The position of professor with a focus on education is intended for scientists with excellent performance in both research and education. Acquiring the title has been possible at the UT since 2018, but Justine Blanford is the first to be appointed to this role. She is an expert on Geographic Information Systems (GIS) and spatial data. Before joining the department of Earth Observation Science at the ITC Faculty of the UT in April, she worked as an associate teaching professor at Penn State University in the USA.
First of all: how are you and where are you?
Blanford: ‘I’m still in our house in Pennsylvania. I’ve already started working for the UT and I was supposed to move to the Netherlands last month, but the global pandemic has prevented that. The move has been temporarily delayed, but otherwise we are all fine.’
As a professor with a focus on education, how will your work differ from the one of a ‘regular professor’?

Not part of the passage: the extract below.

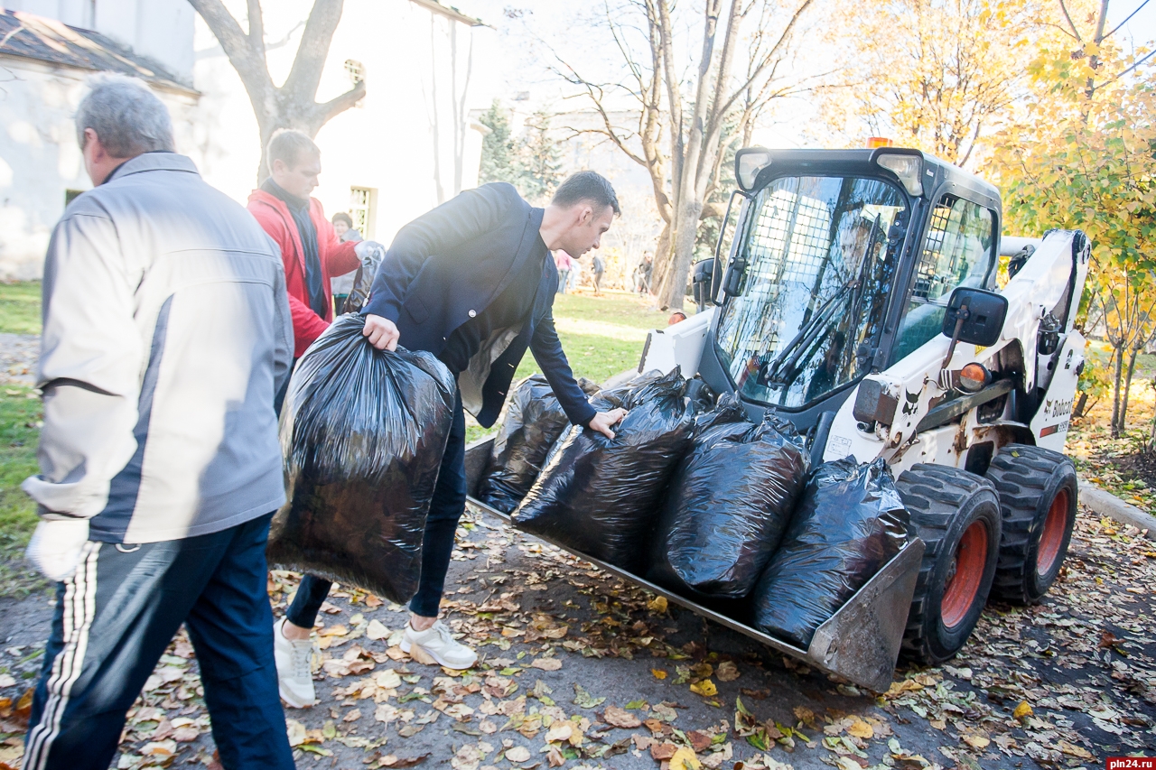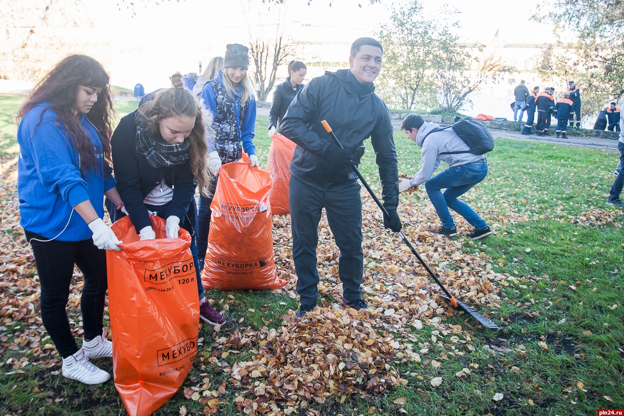 Администрация Псковской области вышла наводить порядок на берегу Великой в Пскове. Как передает корреспондент Псковской Ленты Новостей, субботник прошел сегодня, 19 октября, в рамках городского осеннего месячника по благоустройству и санитарной уборке городских территорий.

‘Good question! It is a new position so I expect that there will be a little time before the right balance between education and research is found. Of course, I’ll be carrying out research too just as ‘regular professors’ do but there will also be a large component that actually looks at how we educate our students. And this may involve a whole range of related topics but I imagine it well essentially be looking to see how we can best deliver education across a wider range of learning environments and student backgrounds, how we assess that teaching provision and then how we improve our teaching. The goal is to provide an education experience relevant to both the domain and the needs of the students.’
Why did you decide to accept this position at the UT?
‘I’ve been doing a lot of teaching in recent years, and particularly teaching and mentoring in an online environment – an area that has obviously been at the forefront of our lives recently and an area that’s likely to be increasingly important in the future. Accepting the job wasn’t difficult at all because I felt this was the direction I was already going in and the UT is allowing that to develop much further. And there are so many great things about ITC and UT more generally. There is no other place in the world with such a high concentration of geospatial faculty. I also had personal reasons – my kids. Living here in Pennsylvania has been great, but I want my kids to experience new things.’
Can you tell me more about your background?
‘I was born in Trinidad, and at just two weeks old moved to Suriname. I was there for ten years and then moved to Canada, then Kenya, UK, and Bangladesh. More recently I’ve lived in Columbia, Scotland and of course now the US. So quite a footloose upbringing. But because I grew up in different parts of the world, I always found geography a fun subject. The Geospatial side of things came later. I thought it was a good skillset to have, that it would allow me to get a job anywhere in the world. And it has because the discipline can be applied to so many research topics it has allowed me to work on plant health, invasive pests, food security, forestry, human movement and over the last few years on health and disease related projects. My more recent emphasis has been educational though, assessing what skillsets the students were acquiring as well as how they interpreted the value of their degree themselves, so that we could make improvements to the learning method.’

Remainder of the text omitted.